When the driver was shunting the trailer for unloading the generator set, one of the wheels went over a slope, which resulted in tilting of the trailer on one side, causing the generator to slip and fall to the ground. The damage to the generator was communicated to the insurer, and a claim was lodged for Rs 12 crore.

The spot surveyor asked the insured to straighten the toppled generator so that he could assess the external damage. But the insured did not act on this request. So, the loss was tentatively assessed at Rs 7 crore to cover the cost of replacement of the damaged parts.

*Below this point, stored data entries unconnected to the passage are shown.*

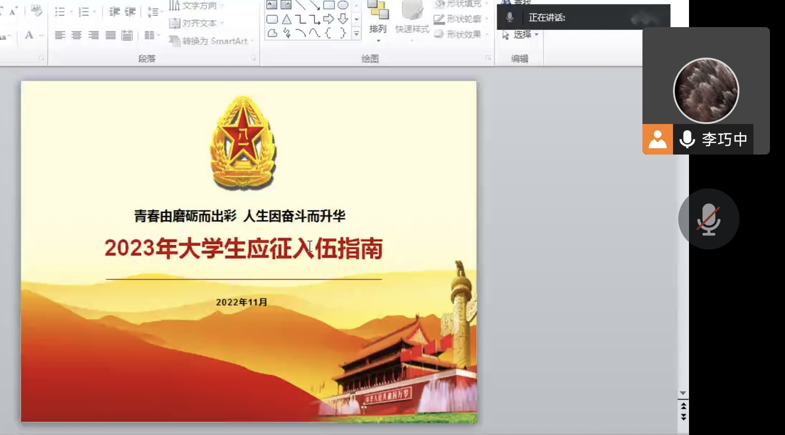 11月23日,威廉希尔体育各年级分别在线上开展入伍征兵宣讲,19级辅导员开展全体学生的入伍征兵宣讲,为同学们进行2023春季征兵的政策讲解,李巧中老师强调国无防不立,民无兵不安。大学生征兵工作是治国安邦的大事,是加强国防和军队建设的迫切需求,广大学生要积极响应国家的号召积极入伍。20级辅导员吴童玲从征兵入伍的十大优势及收获、退役士兵的优惠政策、征兵入伍的条件及要求、征兵入伍基本流程四个方面为大家开展政策宣讲。21级辅导员张竣青鼓励同学们抓住机遇,积极响应国家号召,投身军营报效祖国。22级辅导员王然鼓励同学们在军营中历练、为我国建设现代化人民强军中奉献青春热血。
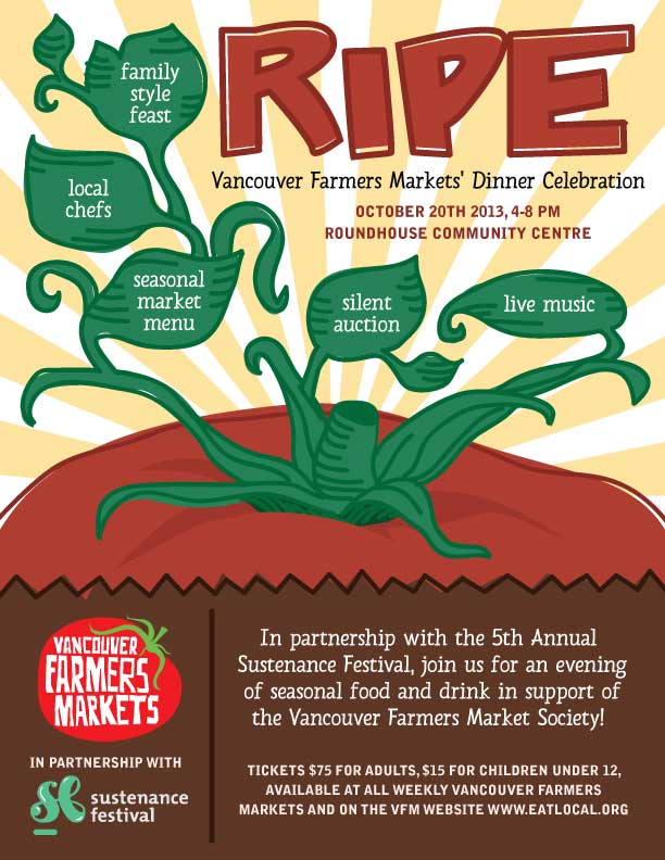 Save the date! On Sunday October 20th, 2013, the Vancouver Farmers Markets will present our annual dinner fundraiser RIPE, at the Exhibition Hall of the Roundhouse Community Centre. A family style feast of market food, RIPE is a harvest celebration of our farms and producers, and a feature event of the 5th Annual Sustenance Festival.
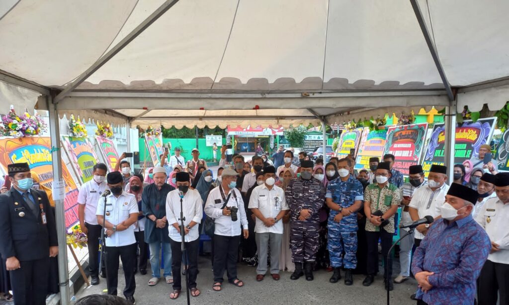 BALIKPAPAN,Inibalikpapan.com – Setelah disemayamkan sebentar di rumah duka, jenazah mantan Wali Walikota Balikpapan Imdaad Hamid dilakukan prosesi pelepasan yang dipimpin langsung Gubernur Kaltim Isran Noor di rumah duka kawasan Jalan Wiluyo Puspoyudo, Rabu (3/8/2022).

The manufacturer quoted the repair cost as Rs 322.82 lakh. On informing the surveyor and production of the repair bills, the surveyor recalculated the loss as Rs 257.76 lakh.

The final surveyor raised doubts about the genuineness of the claim, as the trailer reached on February 20, 2004, but unloading was delayed for three days and done on February 23, 2004. Also, doubt was raised regarding the “damage certificate” issued by the transporter as there was no evidence of damage caused in transit since the driver of the trailer was absconding. Significantly, the insured’s engineer in charge stated that the generator had been received in sound condition but had fallen while being shifted to the generator room for installation. The insurer did not settle the claim on the ground that coverage had ceased when the transit was completed upon reaching the destination, and there was no liability for the loss which subsequently occurred while shifting it for installation in the generator room.

The insured obtained the opinion of the surveyor, which stated that coverage under the transit policy applied till the final place of installation, so the claim would be payable. On the strength of this opinion, the insured filed a consumer complaint before the National Commi­ssion. This was contested by the insurer.

The National Commission observed there was no loss or damage during transit from France to Chavaj, where it was delivered on February 20, 2004, in proper condition. It noted that the loss had occurred subsequently on February 23, 2004, due to mishandling by the agency appointed by Videocon to shift the generator to the generator room. The Commission concluded that coverage under the policy had ended when transit was completed upon the consignment reaching its destination. It concluded that the subsequent shifting of the generator would not fall within the scope of the marine and transit insurance policy.

Accordingly, by its order of September 23, 2021, delivered by Justice Ram Surat Ram Maurya, the National Commission upheld the repudiation of the claim and dismissed the complaint.

Individual proprietors and small entrepreneurs importing goods should bear in mind that the same principle will apply if they are involved in a similar dispute.